───── Data records ─────

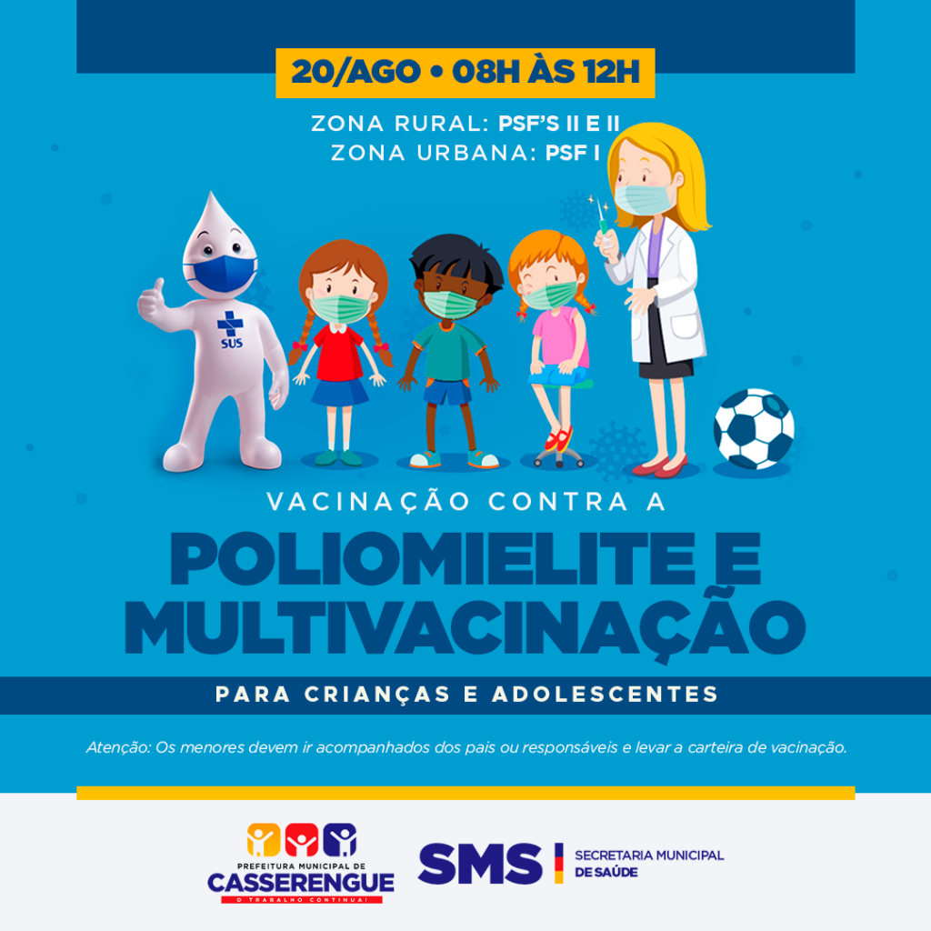 A Campanha Nacional contra Poliomielite e Multivacinação será realizada neste sábado, 20 de agosto de 2022 das 08h às 12h.
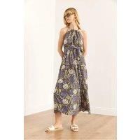 This halter neck belted midi dress is crafted from 100% viscose, offering a lightweight and breathable feel for comfortable all-day wear. Its flattering silhouette, cinched at the waist with a belt, enhances your figure while the midi length provides elegant versatility. Ideal for both casual outings and refined occasions, this dress combines stylish design with natural fabric benefits. CARE INSTRUCTIONS: Check the care label for instructions. Pre-treat stains before washing. Machine wash on a gentle cycle with cold water. Use a mild detergent suitable for delicate fabrics. Avoid bleach and fabric softeners. Air dry or use a low heat setting in the dryer. Iron on a low-temperature setting if needed. Store in a cool, dry place away from sunlight. COLOR DISCLAIMER: Your screen brightness, contrast, and saturation settings will affect the image viewed on your screen. | HOXTON GAL Women's Regular Fit Halter Neck Belted Midi Dress in Khaki | Size: XL
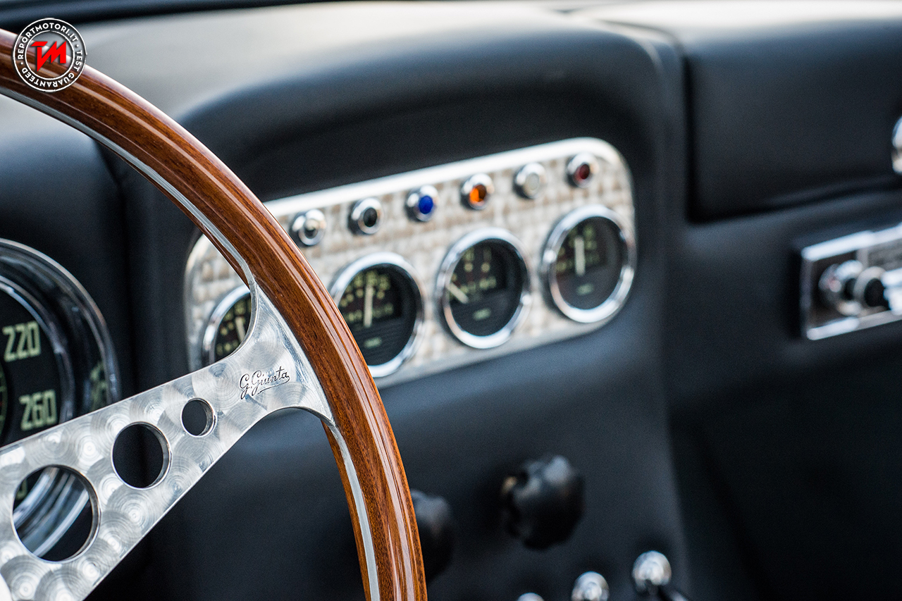 La carrozzeria è stata riverniciata con una delicata tonalità di bianco utilizzando la stessa formula e le stesse tecniche della miscela nitroacrilica originale: sono stati applicati 22 strati di vernice con carteggiatura a umido manuale tra uno strato e l’altro, conferendo alla vettura un’eleganza particolare e accentuandone le linee. I cerchi originali sono stati restaurati e autenticati dal fornitore dell’epoca, Ruote Borrani di Milano, e, come nel primo allestimento, completati con pneumatici Pirelli Cinturato 205/15 nuovi. L’originalità rappresentava un elemento fondamentale per il proprietario e per questo sono stati mantenuti segni e dettagli che preservassero il sapore autentico di questa vettura.
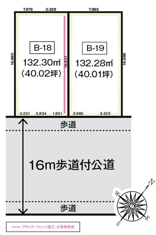 | 建物面積 | - | 土地面積 | 132.28(40.01坪)~132.30m2(40.02坪) 2区画 |
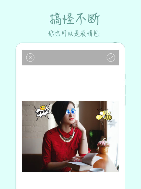 斗图P图达人必备神器! DIY自制你的专属表情包! 让你永远用最新的梗表白、恶搞,一键分享引爆朋友圈! ***特点*** - 1 –海量恶搞腹黑贴纸:冷漠脸吃货、看!有灰机、猪鼻子、大黑胡子……简直各种呆蠢萌! - 2 –多种滤镜渲染效果:铅笔彩绘、油墨、水彩、黑白、马赛克……画面贼有意境! ...... 还有更多表白、恶搞趣味模板,等你来玩!
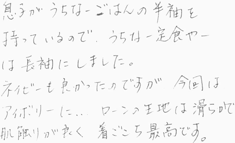 息子がうちなーごはんの半袖を持っているので、うちなー定食やーは長袖にしました。ネイビーも良かったのですが、今回はアイボリーに…ローンの生地は滑らかで肌触りが良く着ごこち最高です。
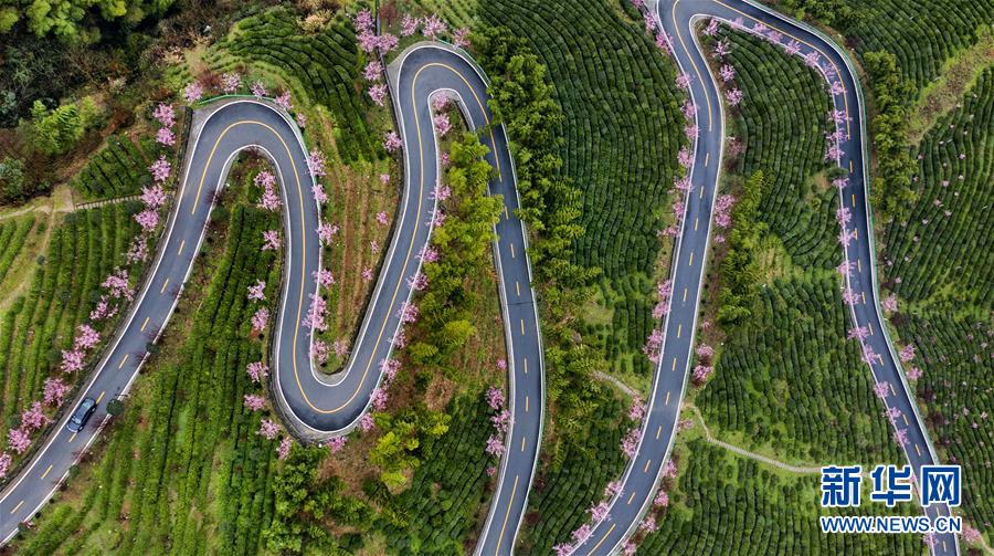 陕西平利县长安镇洪福茶山,道路两旁的春梅盛开(3月2日摄,无人机照片)。 秦岭,横贯中国中部的东西走向山脉,是中国地理上重要的南北分界线。作为生态屏障的秦岭山脉还发挥着调节气候、保持水土、涵养水源、维护生物多样性等诸多功能。 同时,秦岭也被誉为中国的“生物基因库”,域内现有陆生野生动物580余种。被称为“秦岭四宝”的大熊猫、朱鹮、羚牛、金丝猴四种珍稀动物,其种群和栖息地面积近年来不断增长。 新华社记者 陶明 摄
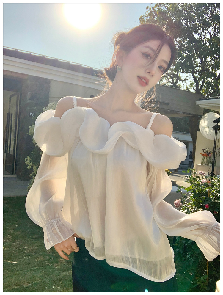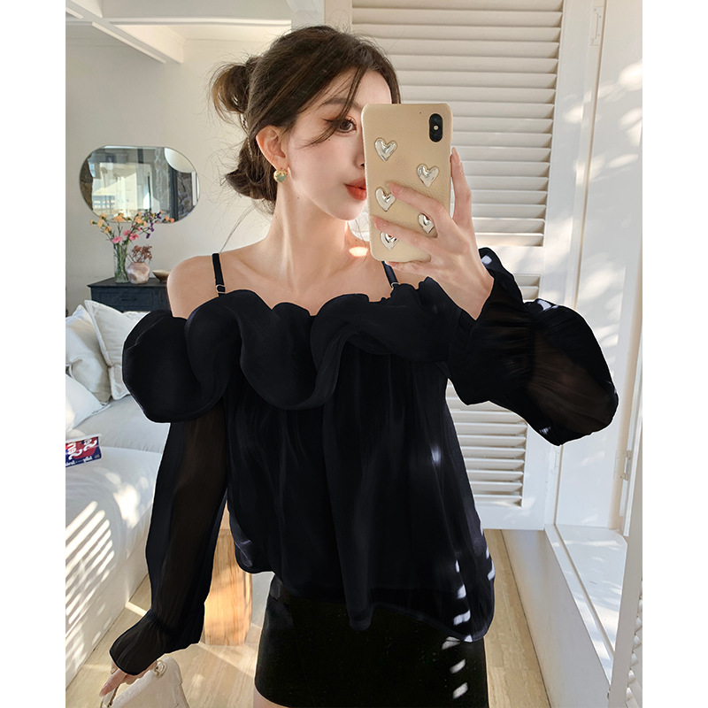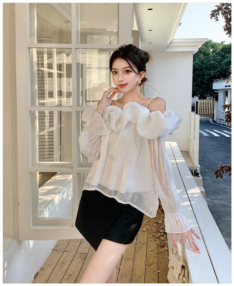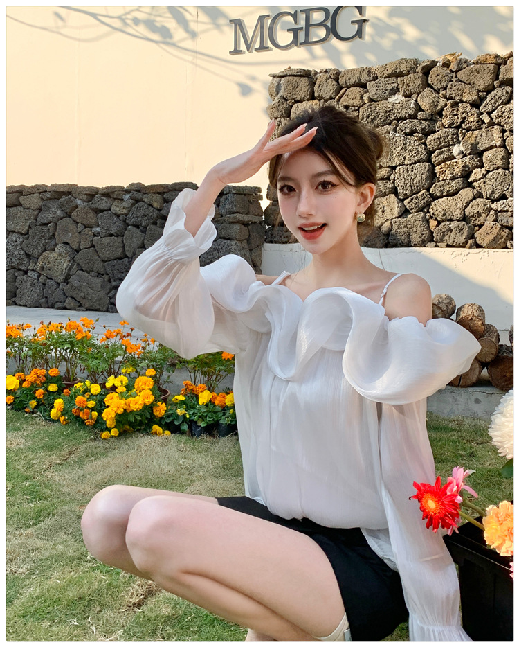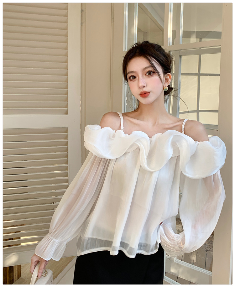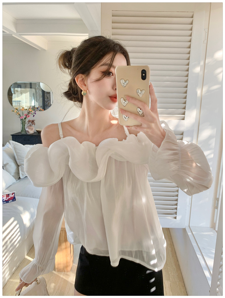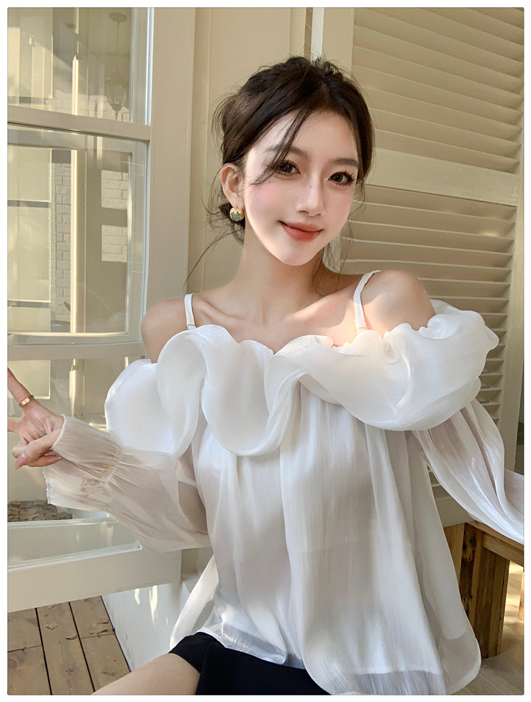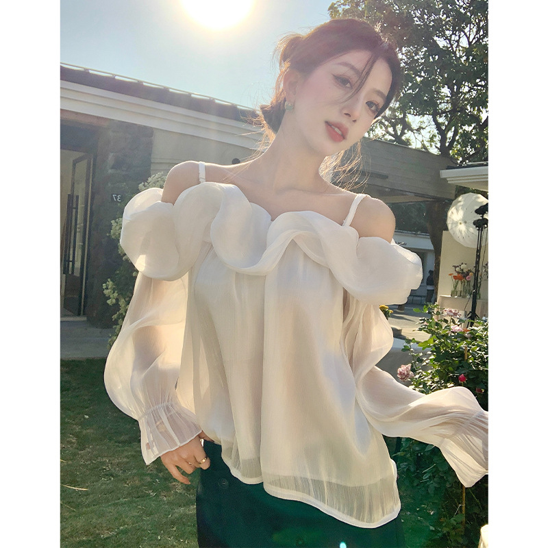달콤한 우아한 러플 쉬폰 셔츠 2025 봄 새로운 아름다운 쇄골 어깨 슈퍼 페어리 러플 여성
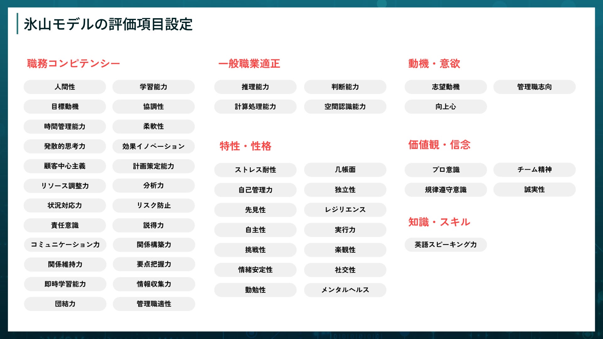 約500万人・8,000社分の面接データと専門家ノウハウを学習した独自AIが、候補者の「思考力」「協調性」「学習意欲」など、履歴書では見えない“本質的な能力”を可視化します。
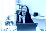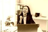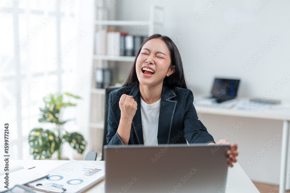 Young successful asian businesswoman celebrating with arms up and screaming while sitting at desk and working with laptop, celebrating business success in modern office
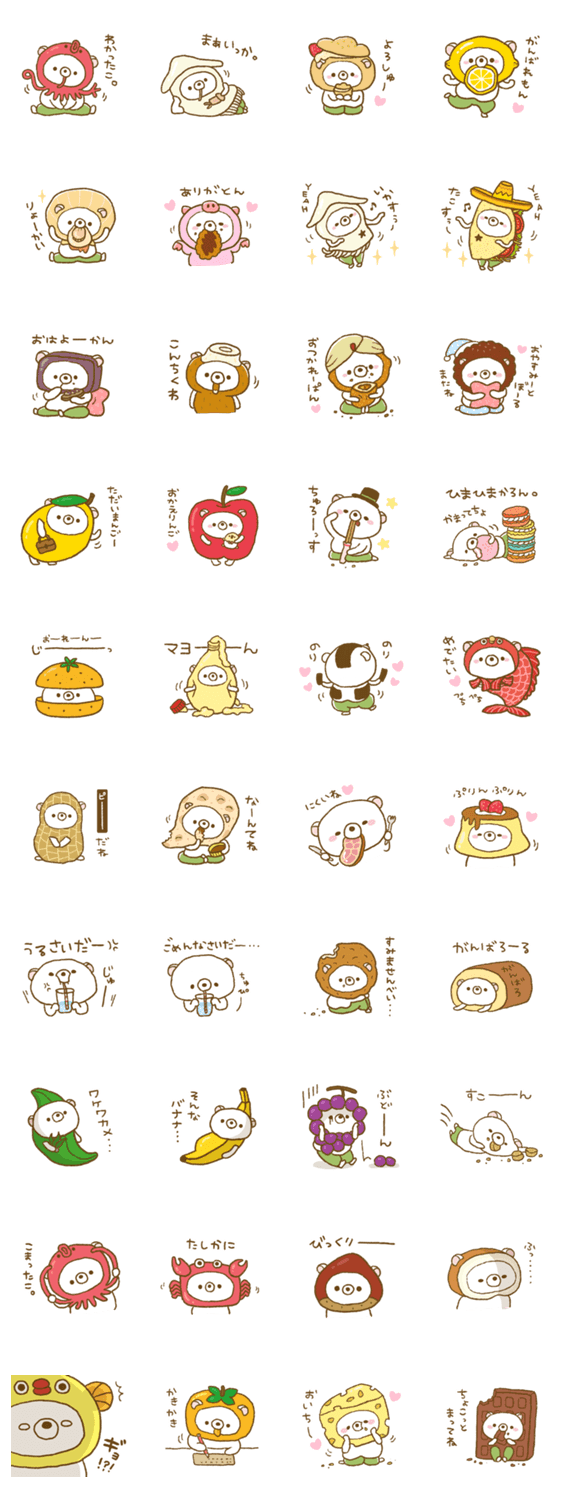 うだうだのんびり、くいしんぼうのうだくまちゃんスタンプ第2弾*食べ物いっぱい美味しいだじゃれ編♪【作・こころ絵作家みどり】
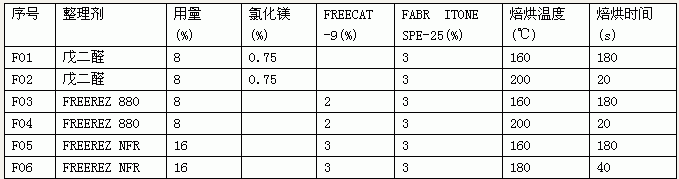 注: (1)FREECAT9是廠家提供的專用催化劑,F(xiàn)ABRITONE SPE-25為柔軟劑;(2)整理劑用量選用廠家提供的參考條件。
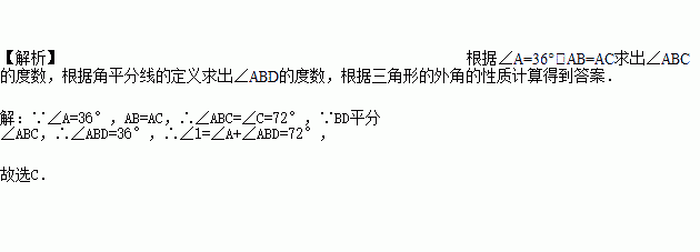 如图,等腰三角形ABC中,AB=AC,BD平分∠ABC,∠A=36°,则∠1的度数为( )
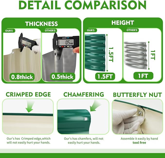 - Sleek Design: The Green color and clean lines of the galvanized raised bed add an aesthetic appeal to your garden or outdoor area. It blends well with the surroundings, adding a touch of elegance to your plantings
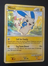| Ability : Chain of Events As long as Minun is your Active pokemon whenever your other Active pokemon if any attacks you may use Cheer On after the first attack (you still need the necessary Energy to use Cheer On). You cant use Cheer On more than once in this way even if your other Active pokemon has the Chain of Events Ability. Cheer On : Remove 1 damage counter from each of your pokemon (including Minun). Special Circuit : Choose 1 of your opponents pokemon. This attack does 20 damage to that pokemon. If you chose pokemon that has a Ability or Ability this attack does 40 damage instead. (Dont apply Weakness and Resistance for Benched pokemon.) | |||||
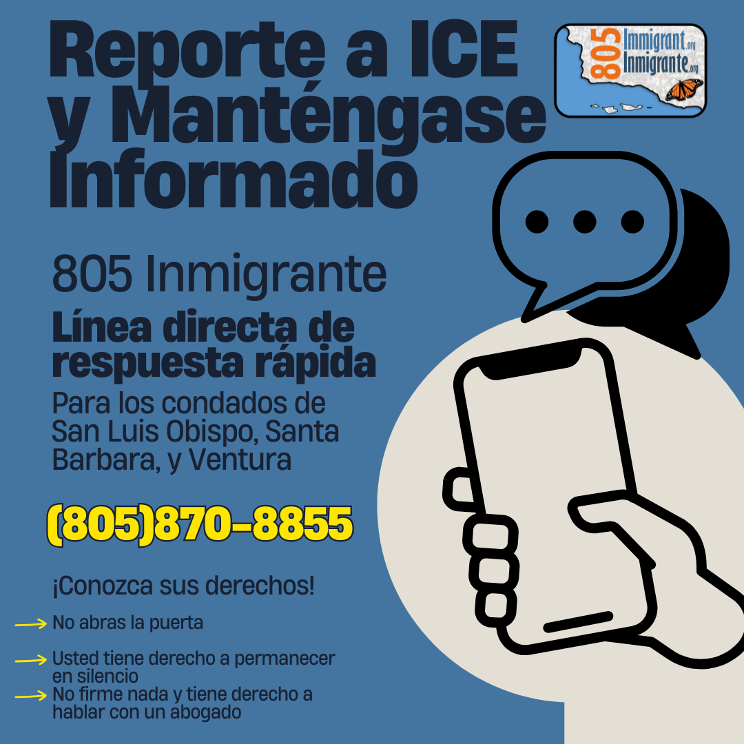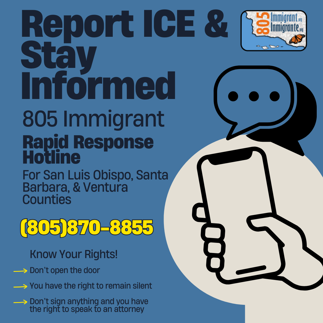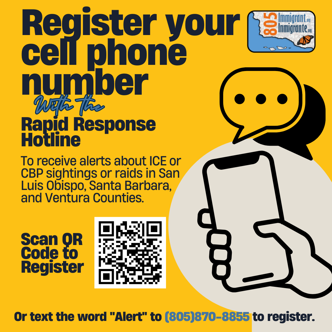 - Register your cell phone number to receive alerts about ICE or CBP sightings or raids in San Luis Obispo, Santa Barbara, and Ventura Counties.

─────

◆ Assigned task ◆
Find the line with "斗图P图达人必备神器! DIY自制你的专属表情包! 让你永远用最新的梗表白、恶搞,一键分享引爆朋友圈!" and the line with "うだうだのんびり、くいしんぼ" in the records above. Copy both and all lines between them exactly, without pictures.

◆ Completed exercise ◆
 斗图P图达人必备神器! DIY自制你的专属表情包! 让你永远用最新的梗表白、恶搞,一键分享引爆朋友圈! ***特点*** - 1 –海量恶搞腹黑贴纸:冷漠脸吃货、看!有灰机、猪鼻子、大黑胡子……简直各种呆蠢萌! - 2 –多种滤镜渲染效果:铅笔彩绘、油墨、水彩、黑白、马赛克……画面贼有意境! ...... 还有更多表白、恶搞趣味模板,等你来玩!
 息子がうちなーごはんの半袖を持っているので、うちなー定食やーは長袖にしました。ネイビーも良かったのですが、今回はアイボリーに…ローンの生地は滑らかで肌触りが良く着ごこち最高です。
 陕西平利县长安镇洪福茶山,道路两旁的春梅盛开(3月2日摄,无人机照片)。 秦岭,横贯中国中部的东西走向山脉,是中国地理上重要的南北分界线。作为生态屏障的秦岭山脉还发挥着调节气候、保持水土、涵养水源、维护生物多样性等诸多功能。 同时,秦岭也被誉为中国的“生物基因库”,域内现有陆生野生动物580余种。被称为“秦岭四宝”的大熊猫、朱鹮、羚牛、金丝猴四种珍稀动物,其种群和栖息地面积近年来不断增长。 新华社记者 陶明 摄
달콤한 우아한 러플 쉬폰 셔츠 2025 봄 새로운 아름다운 쇄골 어깨 슈퍼 페어리 러플 여성
 約500万人・8,000社分の面接データと専門家ノウハウを学習した独自AIが、候補者の「思考力」「協調性」「学習意欲」など、履歴書では見えない“本質的な能力”を可視化します。
 Young successful asian businesswoman celebrating with arms up and screaming while sitting at desk and working with laptop, celebrating business success in modern office
 うだうだのんびり、くいしんぼうのうだくまちゃんスタンプ第2弾*食べ物いっぱい美味しいだじゃれ編♪【作・こころ絵作家みどり】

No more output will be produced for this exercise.